O Projeto se alinha ao caráter preventivo e formativo que deve orientar políticas públicas voltadas à juventude, especialmente no ambiente escolar, espaço estratégico para a construção de valores, o desenvolvimento de competências socioemocionais e a desconstrução de padrões culturais que perpetuam a violência de gênero. Além disso, a iniciativa reafirma o compromisso desta Casa de Leis com a proteção da população em situação de vulnerabilidade e com a promoção de direitos fundamentais, cumprindo sua missão institucional de representar a sociedade, legislar em seu benefício e fiscalizar ações que assegurem dignidade, igualdade e segurança para a população distrital.

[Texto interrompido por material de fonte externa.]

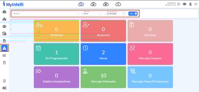 - Paso 2: Posicione el cursor sobre la tarjeta Tardanzas y haga clic.

Ademais, compreendemos que a Emenda Aditiva nº 1, apresentada pela Deputada Dayse Amarílio, ao prever a ampliação de temas e a adoção de metodologias participativas nas ações educativas do Programa, alinha-se com os objetivos do PR e contribui para o aprimoramento qualitativo da iniciativa.
Assim, diante da relevância da Resolução nº 340, de 2024, que institui a Semana da Mulher e a Semana de Combate ao Feminicídio no âmbito da CLDF, e considerando o imperativo da boa técnica legislativa de buscar a agregação das normas que tratam do mesmo tema, com o objetivo de facilitar o acesso dos interessados à legislação, manifestamos concordância com o Substitutivo apresentado pela MD.
III – CONCLUSÃO
Em face do exposto, manifestamo-nos, no mérito, pela APROVAÇÃO do Projeto de Resolução nº 79/2026, com a incorporação da Emenda Aditiva nº 1, na forma do Substitutivo (Emenda nº 2) apresentado pela Mesa Diretora, nesta Comissão de Defesa dos Direitos da Mulher.
Sala das Comissões.
DEPUTADA DOUTORA JANE DEPUTADA JAQUELINE SILVA
Presidente Relatora
[1] Escolas promovem conscientização contra a violência de gênero. Disponível em: Escolas promovem conscientização contra a violência de gênero - Secretaria de Estado de Educação - Secretaria de Estado de Educação. Acesso em 25 maio 2026.
[2] Maria da Penha vai à Escola. Disponível em: Maria da Penha vai à Escola — Tribunal de Justiça do Distrito Federal e dos Territórios. Acesso em 25 maio 2026.
[3] Anuário Brasileiro de Segurança Pública/Fórum Brasileiro de Segurança Pública. São Paulo: FBSP, 2025. Disponível em: 19º Anuário Brasileiro de Segurança Pública: 2025. Acesso em 26 maio 2026.
[4] Relatório de Análise Criminal nº 2/2025 – COOAFESP/SGI – Secretaria de Estado de Segurança Pública do Distrito Federal. Disponível em: rac-0022025-violencia-domestica-ou-familiar-no-df-ano-2024.pdf. Acesso em 26 maio 2026.
[5]FREIRE, Paulo. Educação e Mudança. 12. ed. Rio de Janeiro: Paz e Terra, 1979.